С военной кафедры меня, однако, чуть не выгнали в первый же день. Нас вывели на построение в университетский двор, сказали «смирно» — и я встал по стойке смирно, потом сказали «вольно» — и я закурил в строю. Выслушав устный выговор, я ответил «слушаюсь». Дальше разговор развивался так.
— Студент Топоров.
— Я.
— Отставить «слушаюсь».
— Есть.
— Студент Топоров.
— Я.
— Объявляю вам устный выговор за курение в строю.
— Служу Советскому Союзу!
В дальнейшем я, правда, приноровился, хотя и не совсем. И мне, и моему однокашнику Зайцеву (поступившему в университет после армии) удалось пройти курс обучения только потому, что он успевал за положенные секунды сперва разобрать, а потом и собрать два автомата — свой и мой, тогда как я успевал в положенное время аналогичным образом разобраться с письменными переводами из немецких военных журналов. Олег по-немецки не понимал и не говорил совсем, да и по-русски если не матерился, то лишь шипел и скалился. По окончании университета он завербовался офицером в ГДР и лет через пять наведался ко мне — уже майором и с орденом на груди. В Западной группе войск его признали лучшим переводчиком — впрочем, и по-русски он говорил теперь несколько свободней. После распития нескольких пол-литр (в чем, правда, приняла, как всегда, живое участие моя вторая жена) Олег объяснил мне главную цель визита:
— Вот, Витя, пишут про Сахарова и про Солженицына всякие мерзости. А я не знаю: верить или нет? Объясни, потому что тебе я верю.
Я объяснил. После его ухода жена долго плакала пьяными слезами и уверяла меня в том, что я не умею распознавать провокаторов. Но это я как раз умею. Олег был отличным парнем и, возможно, действительно стал неплохим военным переводчиком — просто стартовал он с нуля и развивался медленно, как и положено русскому человеку, который зато потом едет быстро.
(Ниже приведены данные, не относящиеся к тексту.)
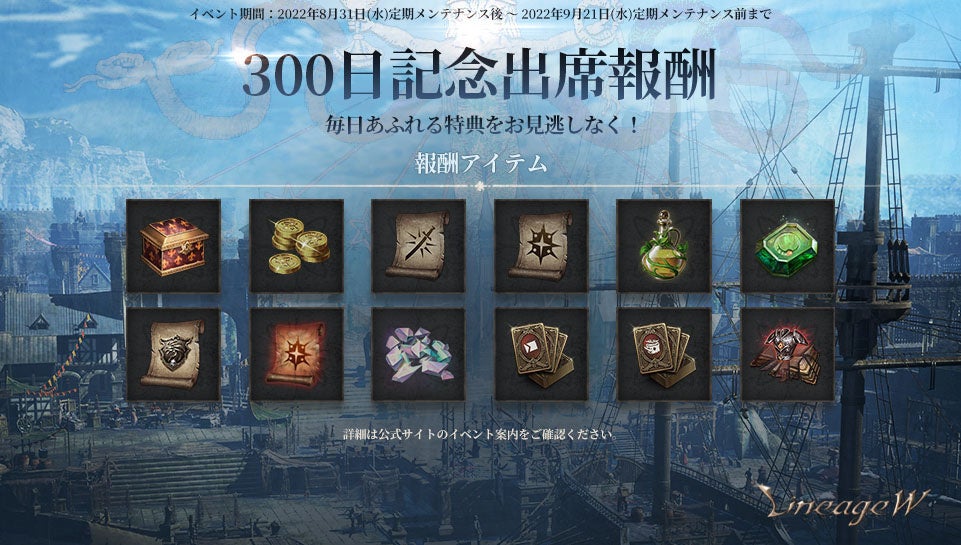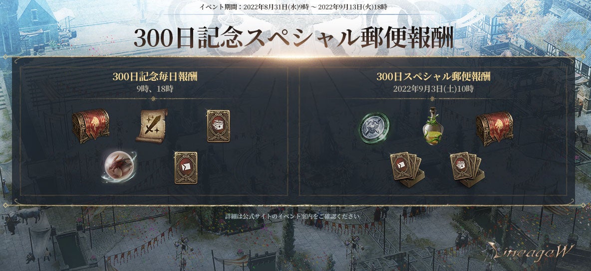 「リネージュW」のサービス開始300日を記念して、様々な恩恵を得られるイベントが開催されます。
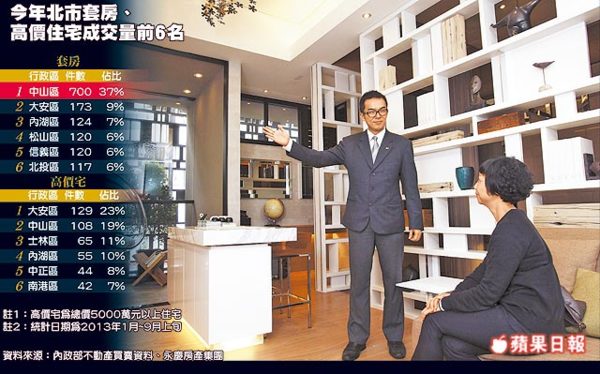 【張菱育╱台北報導/蘋果日報】今年低價產品市場當道,統計1~9月內政部實 價登錄發現,台北市套房成交件數達1886件,其中又以中山區交易量高達700件最多,佔北市整體37%,大幅領先排名第2名的大安區9%。房市業者指 出,中山區低價套房產品多,自住客達7~8成,房市交易熱度也居各行政區之冠。 每坪單價6字頭信義房屋中山南京店店長表示,中山區套房因總價相對低,較好入手,買方不少是新婚族或上班族,自住佔7~8成,投資佔2成左右。 大開發案受矚目中山區除套房交易熱外,統計今年1~9月上旬北市5000萬元以上住宅交易也發現,中山區5000萬元以上住宅交易量達108件,佔北市高價宅交易量的19%,排名第2,僅次於大安區的23%。 大安區豪宅數多黃舒衛指出,歷年中山區推案量在北市位居前茅,今年在自住與置產的買氣下,使中山區成為北市最主要的房市交易熱區,1~10月中山區平均每月536件建物買賣移轉量,居各行政區之冠。大 安區為市中心傳統豪宅區,今年高價豪宅交易件數最多,中信房屋大安新生加盟店店長戴龍祥說,大安區因有台大、師大等文教區,公務人員多,換屋族佔5~6 成,物件每坪單價90~100萬元,坪數40坪以上的換屋型物件,總價至少5000萬元以上,中古大樓社區像是「台大新象」、「羅曼羅蘭」、「莎士比 亞」、「師大禮居」等,總價皆要5000萬元以上。 歡迎委託買賣:04-27085233 惠雙房屋-逢甲加盟店[有信房屋企業社] 大台中地區~西屯逢甲水湳經貿園區~買屋賣屋~置產投資~請找我們 投資.收租.保值.增值.節稅.房地產相關諮詢.歡迎來電 04-27085233 物件網 「http://www.西屯逢甲買賣.tw 」 惠雙網 「 http://www.7788.net.tw/hs0183 」 惠雙房屋-逢甲加盟店 您買屋賣屋的最佳選擇 |

Правда, куда он приехал, я не знаю: больше я его уже не видел.
Один из моих однокашников на четвертом курсе женился на дочери академика Жирмунского. Я радостно объявил его «преодолевшим онанизм», что, в сущности, было чистой правдой. На свой лад пошутил и академик, объявив зятю — германофилу и меломану — на свадьбе: «Думаю, Леня, вам будет приятно кушать под музыку Вагнера».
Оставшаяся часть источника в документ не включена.